• **Problem**: Print the material below exactly as it stands, please, from its first line to the line holding "Neon Skull Print", with no pictures.

• **Data shown**:
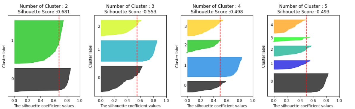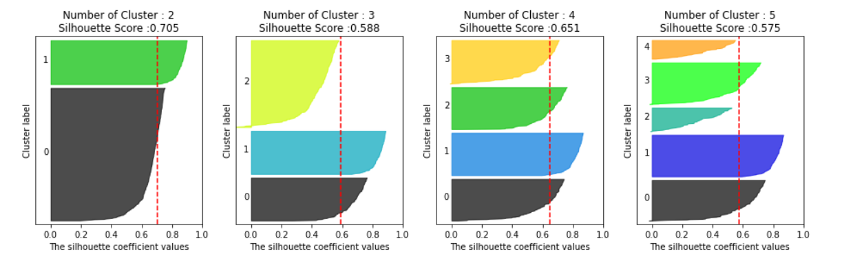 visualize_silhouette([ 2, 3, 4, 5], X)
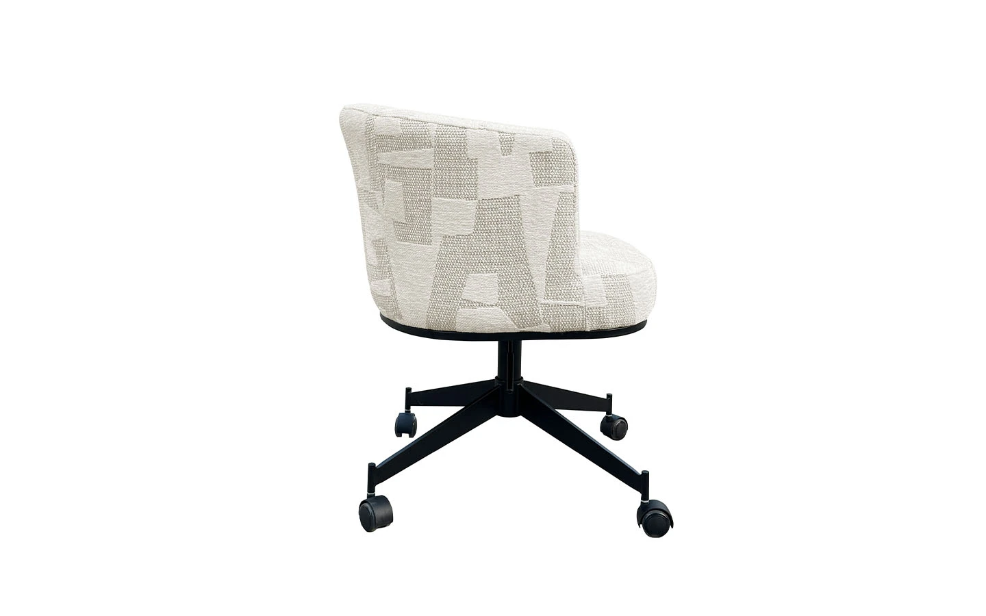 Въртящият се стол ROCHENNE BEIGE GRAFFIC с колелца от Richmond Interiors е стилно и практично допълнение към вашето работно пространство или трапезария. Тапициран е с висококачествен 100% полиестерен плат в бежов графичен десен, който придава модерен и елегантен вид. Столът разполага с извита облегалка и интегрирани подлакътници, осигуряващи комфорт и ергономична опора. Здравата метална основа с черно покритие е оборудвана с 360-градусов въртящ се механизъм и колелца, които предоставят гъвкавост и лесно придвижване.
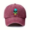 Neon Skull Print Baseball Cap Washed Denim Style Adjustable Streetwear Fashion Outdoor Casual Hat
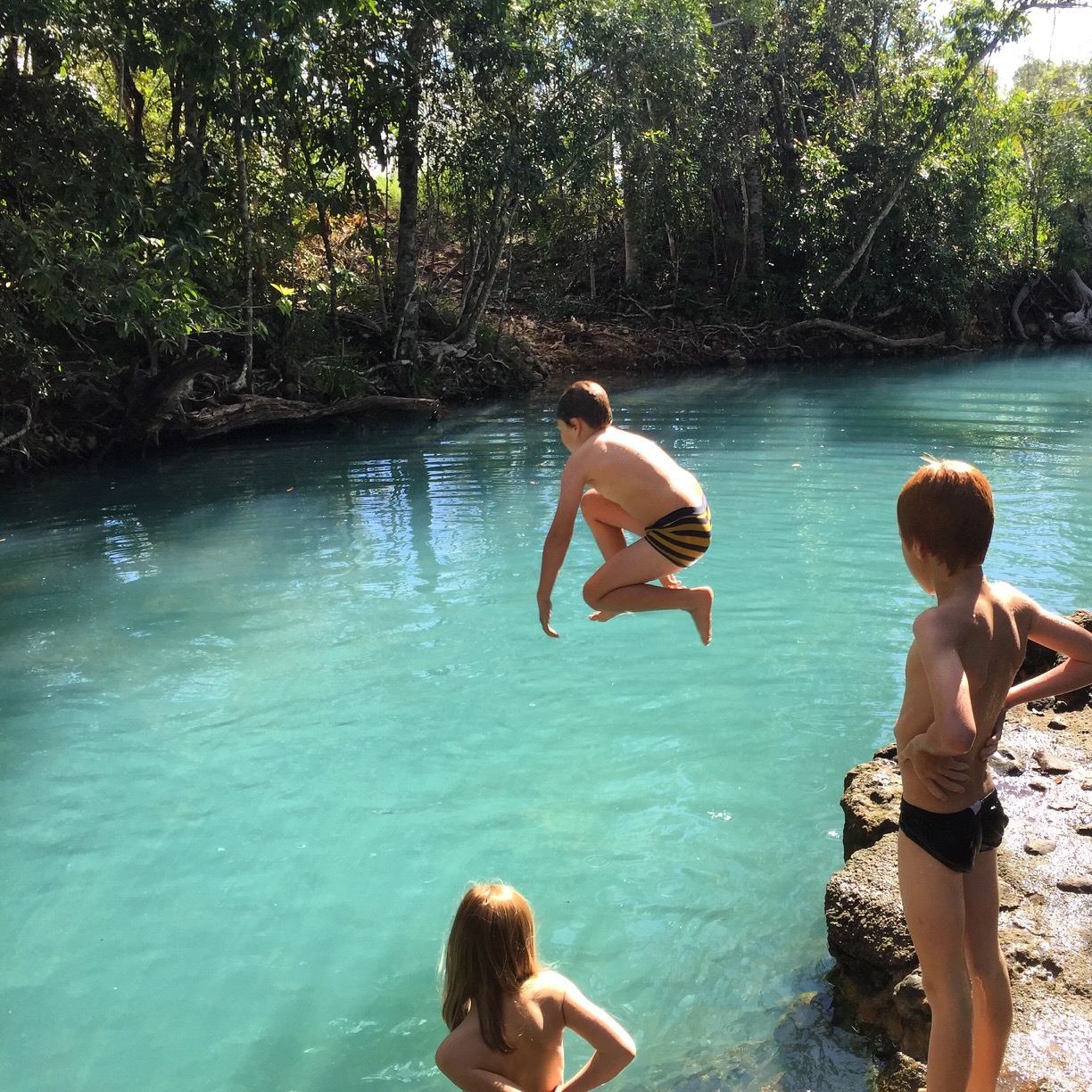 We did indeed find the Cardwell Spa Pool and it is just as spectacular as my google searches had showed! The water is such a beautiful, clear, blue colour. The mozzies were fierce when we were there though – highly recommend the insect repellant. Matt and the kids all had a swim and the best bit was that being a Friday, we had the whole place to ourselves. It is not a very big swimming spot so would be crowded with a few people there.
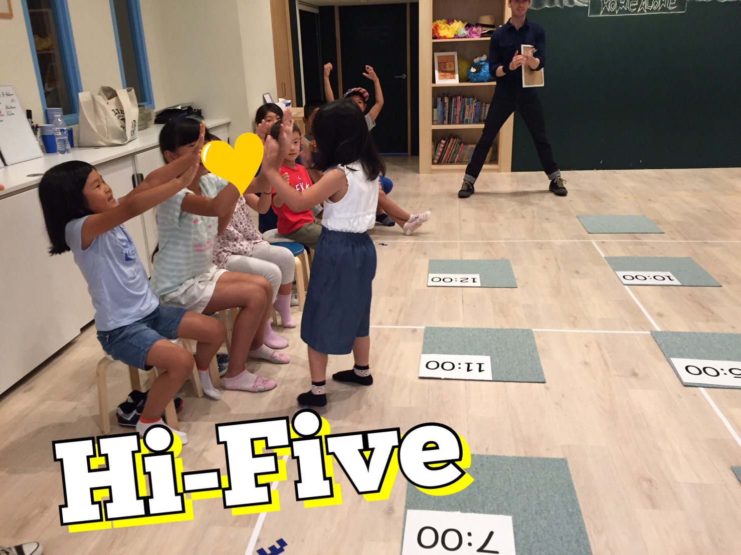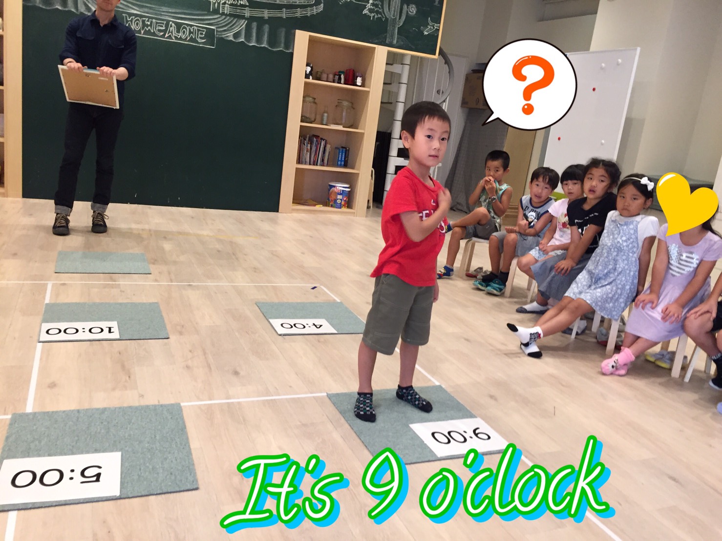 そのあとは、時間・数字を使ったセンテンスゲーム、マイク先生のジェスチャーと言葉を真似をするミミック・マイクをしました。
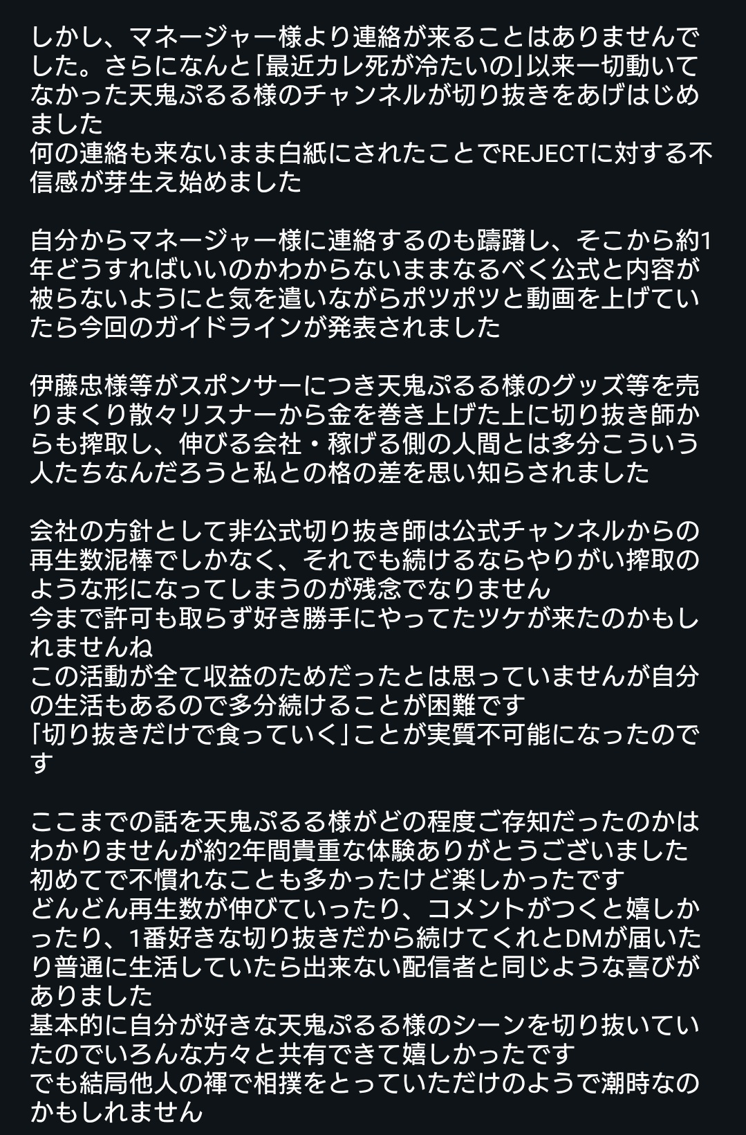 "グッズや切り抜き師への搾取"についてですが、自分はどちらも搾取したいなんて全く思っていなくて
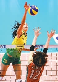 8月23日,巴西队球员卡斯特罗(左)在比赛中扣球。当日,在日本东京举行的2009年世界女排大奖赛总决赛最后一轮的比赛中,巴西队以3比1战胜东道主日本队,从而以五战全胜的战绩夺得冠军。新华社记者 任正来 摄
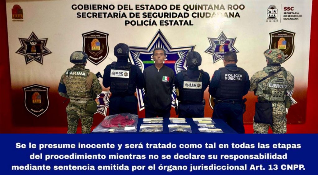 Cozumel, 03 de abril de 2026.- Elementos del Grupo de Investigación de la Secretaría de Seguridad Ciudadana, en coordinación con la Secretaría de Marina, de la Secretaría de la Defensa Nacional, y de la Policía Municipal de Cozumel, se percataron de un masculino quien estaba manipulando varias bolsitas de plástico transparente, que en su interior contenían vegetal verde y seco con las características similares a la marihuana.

• **Output**:
 visualize_silhouette([ 2, 3, 4, 5], X)
 Въртящият се стол ROCHENNE BEIGE GRAFFIC с колелца от Richmond Interiors е стилно и практично допълнение към вашето работно пространство или трапезария. Тапициран е с висококачествен 100% полиестерен плат в бежов графичен десен, който придава модерен и елегантен вид. Столът разполага с извита облегалка и интегрирани подлакътници, осигуряващи комфорт и ергономична опора. Здравата метална основа с черно покритие е оборудвана с 360-градусов въртящ се механизъм и колелца, които предоставят гъвкавост и лесно придвижване.
 Neon Skull Print Baseball Cap Washed Denim Style Adjustable Streetwear Fashion Outdoor Casual Hat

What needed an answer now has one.